A Lei 14.811/2024 estabelece a reclusão de 2 a 4 anos para pais ou responsáveis legais que não comunicarem, de forma dolosa, o desaparecimento de crianças ou adolescentes. Acrescido de multa, penalização faz parte de um conjunto de medidas que visam à proteção de vulneráveis contra abuso e exploração.
O Ministério Público do Estado de Alagoas (MPAL), por meio de suas redes sociais, destaca a importância de “agir prontamente diante de casos de desaparecimento de crianças e adolescentes”. E ressalta ainda que não é necessário aguardar 24h para fazer a comunicação à autoridade pública, mas que esta deve ser feita de forma imediata.
O MPAL reforça ainda a importância do Programa de Localização e Identificação de Desaparecidos do Ministério Público de São Paulo (PLID), de 2011. São 21 estados que adotam o PLID e utilizam o Sistema Nacional de Localização e Identificação de Desaparecidos (SINALID) como banco de dados.
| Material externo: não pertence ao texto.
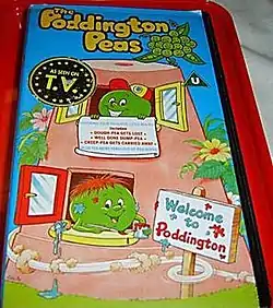 The Poddington Peas is a British animated television series that was created by Paul Needs and Colin Wyatt of Cairnvale Productions for Poddington PLC; it has thirteen five-minute episodes, and was aired on BBC One as part of the Children's BBC strand (as it had been known from its inception on 9 September 1985 until 4 October 1997) from 14 September to 22 December 1989.[1] The series' theme song, composed by Geoff Stephens, describes the eponymous group of Peas living "down at the bottom of the garden". Human-sized garden objects, enormous in size to the Peas, are often seen, such as upturned flowerpots which serve as most of their buildings. Humans themselves are never seen or mentioned (with the single exception of mythical Christmas gift-giver Santa Claus, who left his gifts at Creepy Castle in the last episode). All thirteen episodes were released on VHS by Palace Video in 1990 (HPV0018), but this is now out of print. As with the majority of other older BBC children's series, it has also never made it to DVD.

O SINALID é administrado pelos Ministérios Públicos Estaduais.
Apesar de o desaparecimento não configurar crime nem tipo penal – o que faz com que não se dê início à inquérito, não se constitua crime e que não haja prescrição – a Lei 14.811/2024, que altera o Código Penal, a Lei dos Crimes Hediondos) e o Estatuto da Criança e do Adolescente, reforça as medidas de proteção de vulneráveis.
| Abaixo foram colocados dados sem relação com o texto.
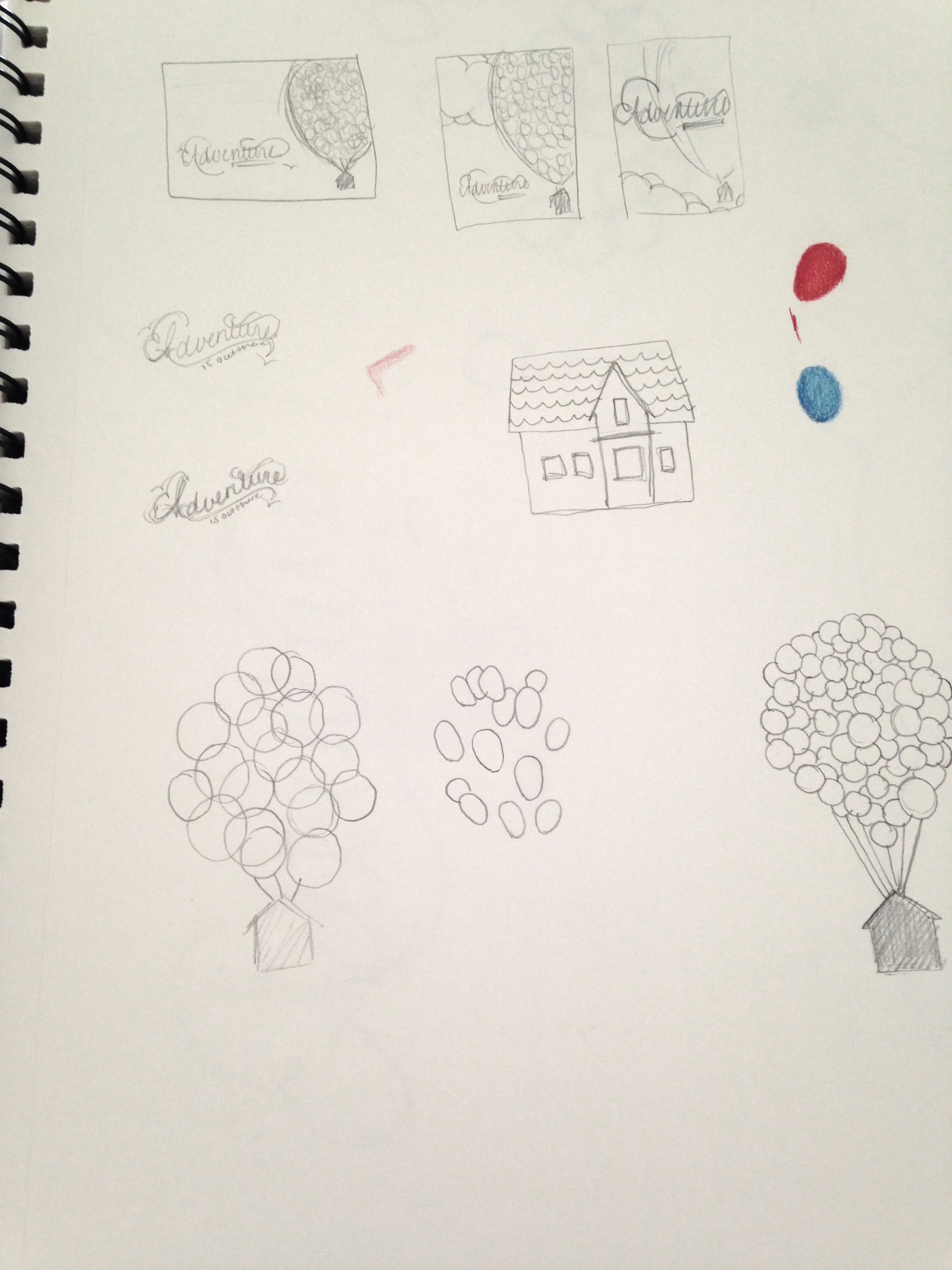 I did a LOT of sketching for this piece, because I was having a hard time coming up with something that made me go "this is it!" I found myself becoming easily intimidated by the balloons. I just wasn't sure how to go about them, and depending on the option I chose...well, I could end up with hundreds of balloons. And then I had an internal debate over the house. Do I make it look like the house in "Up"? Or just any house? Or a really simple stylized house? After considering all of my options, I decided on a very stylized version of the house and balloons.

Segundo o infográfico do Mapa de Desaparecidos no Brasil, de 2023, a faixa etária com maior número de desaparecidos é a de adolescentes. São 29,3%, com idade entre 12 e 17 anos. Uma taxa de 84,4 por 100 mil habitantes, 2,8 vezes superior à média brasileira que é de 29,5. O menor número está entre crianças na faixa de 0 a 11 anos, que constituem 3,1% dos casos registrados.